失恋した時の気持ちにもしも味がつくのなら、こういう味なんだろうか。近所のおばさんが庭で採ったというお裾分けのクランベリーを一粒放り込んだ。甘くて酸っぱくて、それから。
出来ることなら味わいたくないのに、いやに美味しく感じてしまう。きっとそういう風にからだが出来上がっている。
「真緒!」
通学路で私の声に反応した真緒はきょろきょろと周りを見渡してから、振り向いてこっちを責めるようにじとりと睨んだ。後ろ姿からして疲れていたので元気に声を掛けたのに、その目線はなんなんだ。
「なまえ、おまえな〜。いつも大きい声で名前呼ぶなって言ってんだろ?」
「ごめんごめん、真緒は一応アイドルだったね」
「一応じゃなくてれっきとした…つかそうじゃねえよ。普通にびっくりするからやめろって言ってんの」
私より少し背の高い真緒は、私の頭をぐりぐりと撫でつける。アイドルを目指して夢ノ咲学院に入学してからすぐに身長は止まってしまったらしく、それなりに大きい私とはあまり差がない。それなのに女なんだから気をつけろとか、最近は特に私のことを女扱いするようになってむず痒い。昔は夜まで一緒に遊んだのに、今は夜になっても真緒の部屋に居ると追い出されてしまう。私の気持ちはなんにも変わらないのに、真緒ばっかり大人になっている。
「学校はどう?生徒会長」
「どうもこうも。プロデュース科の生徒が増えてどこもかしこも大騒ぎだよ。あんずも大変そうだしな」
「…へえ」
去年からしきりに名前を聞くようになった女の子。真緒たちのユニットをプロデュースしている女の子。同じ年なのにすごい才能を持っていて、今の俺たちがあるのはあんずのおかげだって真緒から散々聞かされた。嫌だな、そんな女の子私じゃきっと構わないのに。なんで真緒の近くに居るのが私じゃないんだろう。真緒は誰にでも優しい。誰彼構わず世話を焼くしそれで沢山苦労している。だけど夢ノ咲に入ってちょっとだけ変わったような気がして嬉しかったんだ。自分のことを器用貧乏だなんて言う真緒がステージに立つ時は自信を持った顔をしていて、ああアイドルなんだなって思って嬉しかった。だけどそれは多分、あんずちゃんのおかげ。私はなんにもしていない。
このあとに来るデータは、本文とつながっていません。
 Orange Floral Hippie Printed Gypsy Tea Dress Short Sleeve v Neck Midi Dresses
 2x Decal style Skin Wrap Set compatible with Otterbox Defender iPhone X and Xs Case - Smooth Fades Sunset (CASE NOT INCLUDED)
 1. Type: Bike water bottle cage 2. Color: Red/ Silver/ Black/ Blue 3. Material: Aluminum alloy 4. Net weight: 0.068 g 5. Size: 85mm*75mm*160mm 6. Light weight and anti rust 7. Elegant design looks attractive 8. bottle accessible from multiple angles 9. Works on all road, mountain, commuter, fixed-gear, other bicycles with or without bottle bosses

「そうだ、今度また学院でライブやるんだ。見に来るだろ?」
「うん、行く」
「チケット取っといたからさ、ほら。最前」
「いいの?」
「いいに決まってんだろ〜?なまえは特別な」
特別扱いって時に残酷だ。真緒は優しいから、幼馴染として特別扱いしているだけであってそれ以上もそれ以下もないのに特別という言葉で心は浮き立つ。もらったチケットを鞄の奥にしまい込む振りをして、中に入っていたハンドタオルを力任せに握りしめた。どう足掻いたって私はあの子になれない。真緒という優しい籠に入れられた幼馴染のまま。
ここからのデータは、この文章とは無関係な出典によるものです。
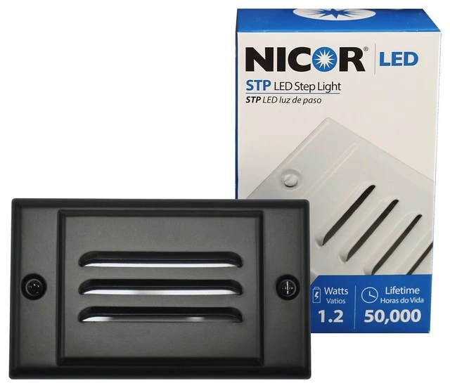 NICOR STP-10-120-HBK LED Step Light with Black Horizontal FaceplateNICOR’s LED Step Lights are a great complement for your residential and commercial projects. This step light not only provides a touch of safety, but it offers a warm, natural glow making it a perfect accent for any project. The LED Step Light offers energy savings (using only 1.2 Watts) over the life-span calculated at over 50,000 hours. This Step Light is sealed and approved for use in wet locations, making it ideal for outdoor use on decks, porches, and pathways. It’s also ideal to use indoors to light up hallways, stairways, or as a simple night light. The LED Step lights are available in White, Black, Nickel, and Oil-Rubbed Bronze Faceplates in either Vertical or Horizontal orientations. If you need a specific color, the White faceplates are also paintable. The Step Light features a warm 2700K color temperature. Protected by NICOR’s 5 year limited warranty.Size: 4.5″Color: BlackFinish: Powder CoatPrimary Piece Material: ABSSecondary Piece Material: Stamped AluminumDimension(in): 4.6(L) x 2.75(W) x 2(Depth)Bulb: 1W LED, 19 Lumen Actual, 2700K, Not Dimmable(Included)Recommended Bulb Type: LEDAdapter/Bulb Base: HardwireCertification: UL/cUL, FCCLocation Rated: WetWarranty: 5 YearsIncludes an LED Module and a Black Horizontal Oriented FaceplateModular design allows fixture to be mounted in horizontal or vertical orientationConstructed with die-stamped aluminum and powder-coated faceplates.The Louvered faceplate design conceals LED’s from direct line of sight while maximizing wide light distributionThe High Efficiency LED Step Light is maintenance-free and fully sealed to keep out water, dust, and the other elements.The performance grade LED’s and electrical driver provides optimal light output while using only 1.2 Watts of energy.TM-21 Projected L70(6k) life 50,000 hoursUses standard household Input voltage of 120VOperating temperature rating of -10F to 122F (-23C to 50C)Protected by NICOR’s 5 year limited warranty
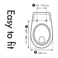 Door de verstelbaarheid in de scharnieren en de ovale vorm past de bril op de meeste gangbare toiletpotten, toch raden we je aan de lijntekening goed te bekijken zodat hij netjes past op jouw pot. Tenslotte monteer je de bril met het doordachte ‘Fastfix’ bevestigingssysteem eenvoudig vanaf de onderkant.
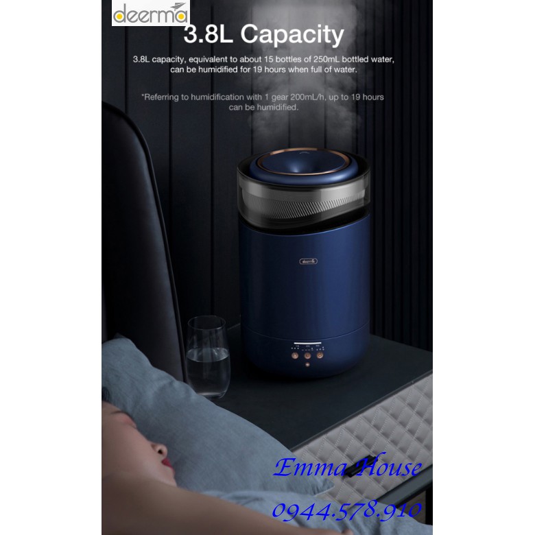 - Dung tích 3.8L: tương đương với khoảng 15 chai nước đóng chai 250mL, có thể tạo ẩm trong 19h khi đầy nước với lưu lượng sương 200ml/h
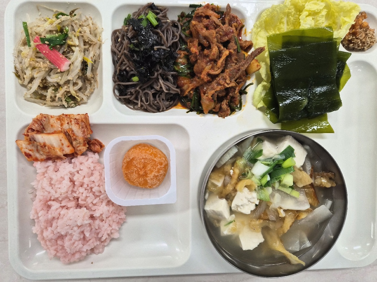 홍국쌀밥 북어채국1(5.6.8.9.18) 숙주맛살무침 황매실오리불고기(13)
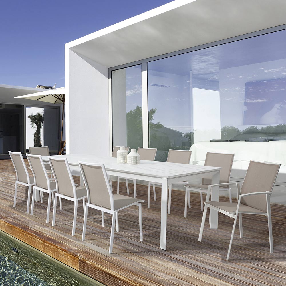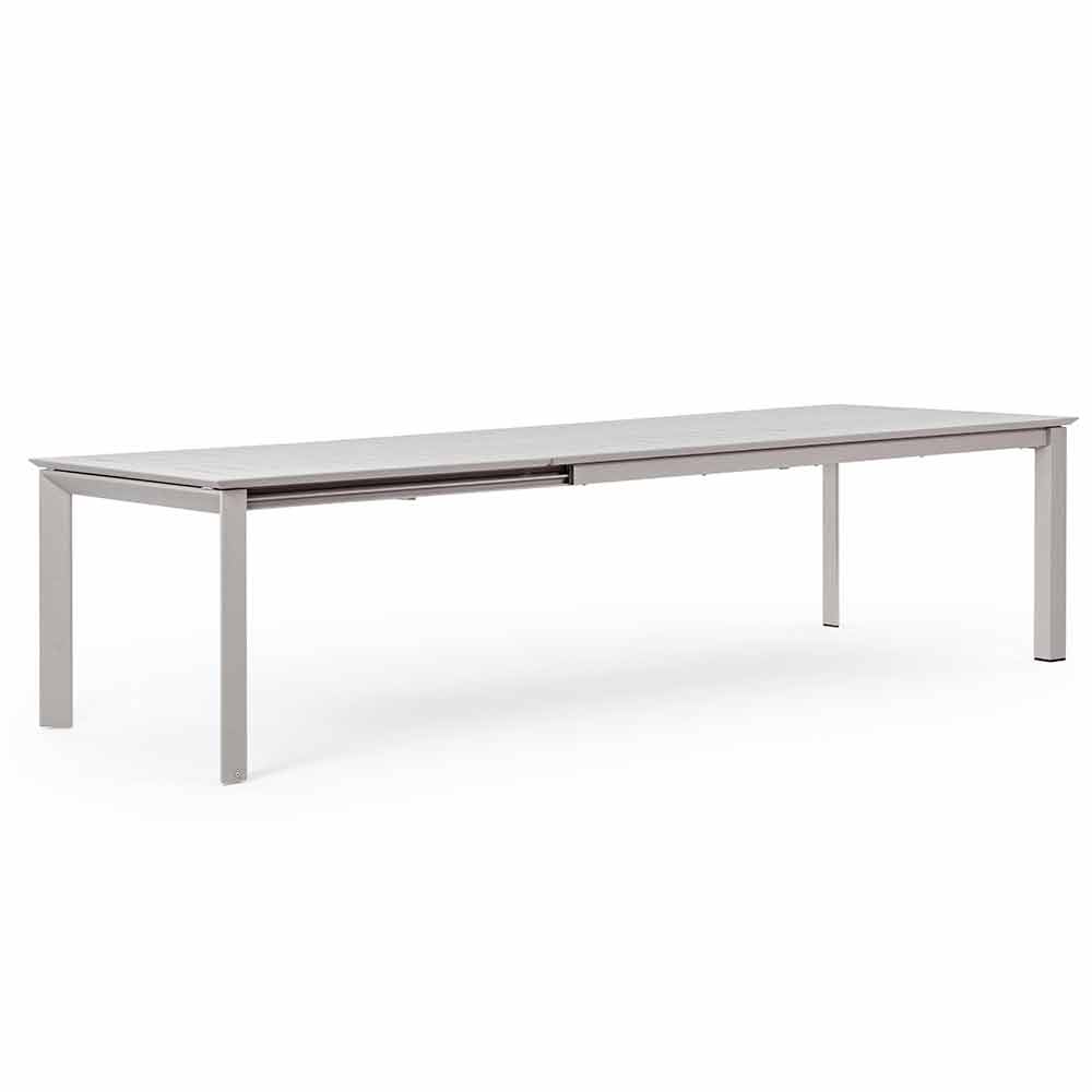 Mesa externa extensível para 10 pessoas, design moderno, em rastina, antracite ou alumínio branco.

口の中でラズベリーの味がした。赤い実が弾けて、じゅわりと広がる。甘くて酸っぱくて、どうしようもなく惨めで泣きたい気分にさせられる。それでも嫌いになれないのは、きっと真緒の色と少し似ているからだ。甘くて酸っぱい、消えない香り。鮮やかな赤。真緒を見るたび、私はラズベリーを思い出す。